§ Exercise details
There is material below. Print exactly the lines starting at the line with "③「熱中症予防」・・・熱中症" and ending at the line with "Golden Amber Honeycomb Bee Earrings", ends included, and no others.

§ Dataset content
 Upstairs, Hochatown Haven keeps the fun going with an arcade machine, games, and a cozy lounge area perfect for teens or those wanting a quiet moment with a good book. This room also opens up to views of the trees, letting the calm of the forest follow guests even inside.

--

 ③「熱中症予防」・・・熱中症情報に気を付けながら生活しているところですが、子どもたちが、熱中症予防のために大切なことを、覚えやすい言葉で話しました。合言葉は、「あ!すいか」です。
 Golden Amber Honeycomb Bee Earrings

§ Result of this exercise
 ③「熱中症予防」・・・熱中症情報に気を付けながら生活しているところですが、子どもたちが、熱中症予防のために大切なことを、覚えやすい言葉で話しました。合言葉は、「あ!すいか」です。
 Golden Amber Honeycomb Bee Earrings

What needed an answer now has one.